Simplified illustration of the trade-off between model complexity and observational data complexity

Most research papers focus on model complexity while keeping the used observational data simple – this is a natural choice for research reports as it makes them more widely relevant; approaches that utilize specific observational data are necessarily tailored towards a specific application. For a practical application, however, it often makes sense to use a wide range of observational data while keeping the modeling simple, e.g., the use of statistics like exponential moving average. This approach is more easily applicable than complex models, and, thanks to richer input data, may produce better student models.

The practical feasibility of using both complex models and complex observational data is disputable. The use of complex, interpretable models tailored towards specific data is prohibitively expensive as it requires expert knowledge and is time-consuming. An alternative is to use black-box models based on deep learning (Piech et al., 2015; Minn et al., 2018); this avenue is currently explored in research papers, which, however, typically do not address issues necessary for the practical deployment of models in adaptive learning settings. I also consider the use of black-box models for student modeling highly risky due to the presence of biases in underlying data (Section 6). While the boundary of feasibility is disputable and will certainly extend in the future, the necessity of making trade-offs will probably remain for a long time.
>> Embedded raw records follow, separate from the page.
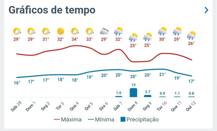 camilo79 Posted February 10, 2026 at 02:45 PM Share Posted February 10, 2026 at 02:45 PM Em Campo Bom, poucas nuvens e temperatura subindo. No INMET, às 11h, 32,1°C de máxima, com 52% de URA mínima. ======================= Em 09/02/2026 em 22:23, Daniel85 disse: eu também estou um pouco cansado desse tempo Off-topic. Faz uns dias que tive a ideia de criar um tópico sobre músicas que mencionam ou são majoritariamente sobre o tempo. Muitas (das que curto) vêm à mente. Um disco que eu traria a este tópico seria Couldn't Stand the Weather, do Stevie Ray Vaughan. E agora li essa tua frase do quote, a coisa me voltou à mente e resolvi trazer o assunto à tona. Pois bem. Não encontrei sub-fórum adequado, apesar de eu ter ficado com a impressão de que - talvez - aqui ( https://www.abaixodezero.com/index.php?/forum/59-pictures-and-video/ ) ou aqui ( https://www.abaixodezero.com/index.php?/forum/55-meteorologia-geral/ ) poderia caber o assunto. Mas não tenho certeza. Podem ajudar? Valeu! 10 Link to comment Share on other sites More sharing options...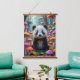 Animated Panda Cub in a Forest of Mushrooms Hanging Tapestry
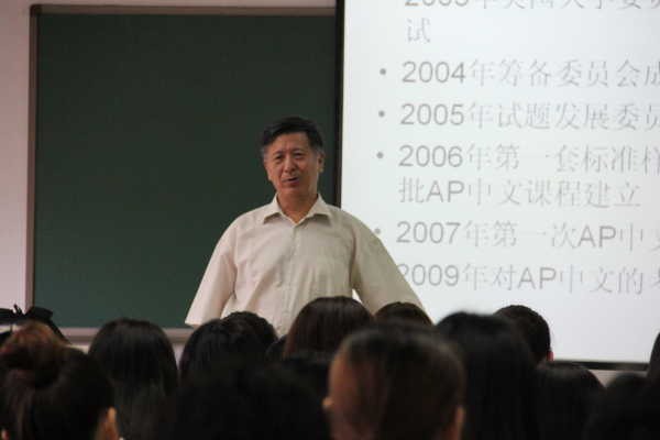 本次讲座分为“AP中文的产生背景及发展历程”、“ AP中文的七大特点”以及“AP中文对未来中文教学的影响”等三大板块。冯禹教授以详实的统计数据,并结合他自身十多年在美国高校的任教经验,辅以生动有趣的例子,深入浅出地为同学们详细介绍了AP中文考试在国际汉语教学中的地位和作用。
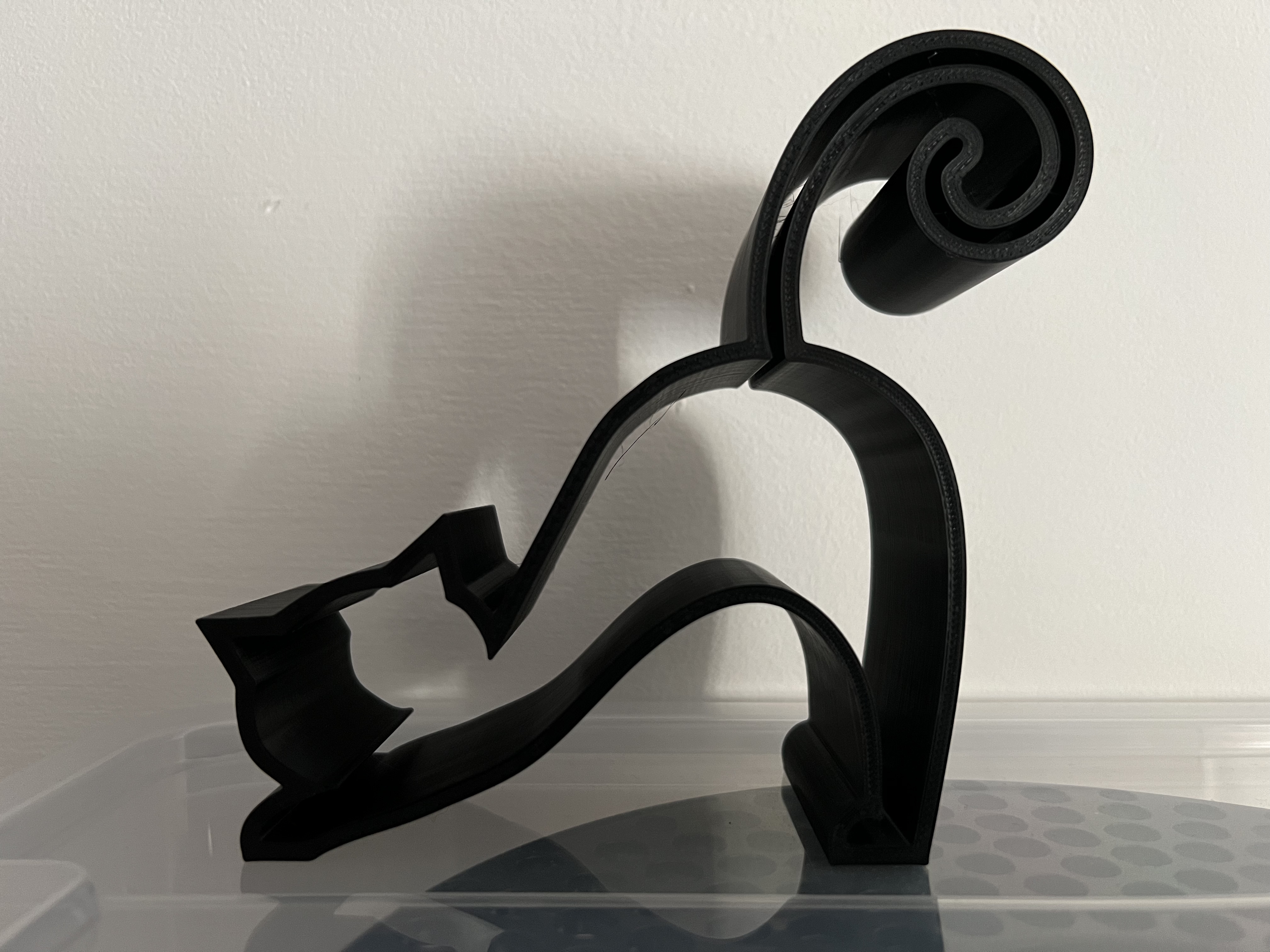 Trang trí hình con mèo Gatto 1. Sản phẩm trang trí để bàn hình mèo ngộ nghĩnh, kích thước 13,5cm x 13cm x 5cm. In bằng PLA với độ lấp đầy 15%, không cần support. Thích hợp làm đồ trang trí, quà tặng.

Measuring Model Performance

The main point of student models is to try to estimate the latent student state. The quality of these models cannot be evaluated directly – the ground truth that we try to model is, by definition, latent and thus not directly observable. To evaluate models, we thus have to use proxy measures of model quality. Probably the most commonly used approach to the evaluation of student skill models is the evaluation of predictive accuracy for the next answer. Doing evaluation using just predictive accuracy is insufficient; see González-Brenes and Huang (2015) for more discussion and proposals for additional methods.

Even when we consider just the basic method for measuring model predictive accuracy, realizing it properly is more complex than it may seem. One issue that is not much discussed but rather important is the cross-validation approach. As is common in machine learning, student models are trained using one subset of data and evaluated on an independent subset of data; this train-test split can be done in several ways, e.g., in student-level, population-level, task-level, or with respect to time. The predictions can be computed statically based only on the train set or updated dynamically after each observation in the testing set. There is no universally correct approach to this choice (Pelánek, 2018b).

Another non-trivial issue is the choice of metrics. To quantify the model performance, we express the quality of predictions using a single number, e.g., Root Mean Square Error (RMSE) or Area Under the ROC Curve (AUC); there is no objectively correct metric to use and the choice of different metrics may lead to different results in model comparison (Pelánek, 2015). Moreover, the results of the model comparison can be influenced by such seemingly minuscule details as the approach used to averaging. Do we compute RMSE values for each student and then compute their average? Or do we compute RMSE directly over all predictions? Each of these approaches has its advantages and disadvantages, and each can produce different results (Pelánek, 2018b).

Moreover, the choice of prediction target is also unclear. Most commonly, the evaluation of student models focuses on predicting only the binary correctness of answers. However, richer data on answers are typically available, e.g., response times or specific answers. Incorporating these into prediction evaluation can lead to more valid predictions, e.g., if we care about the fluency of student knowledge, the response times are clearly important. However, the choice of suitable metric in this case becomes even more complex (Řihák, 2017).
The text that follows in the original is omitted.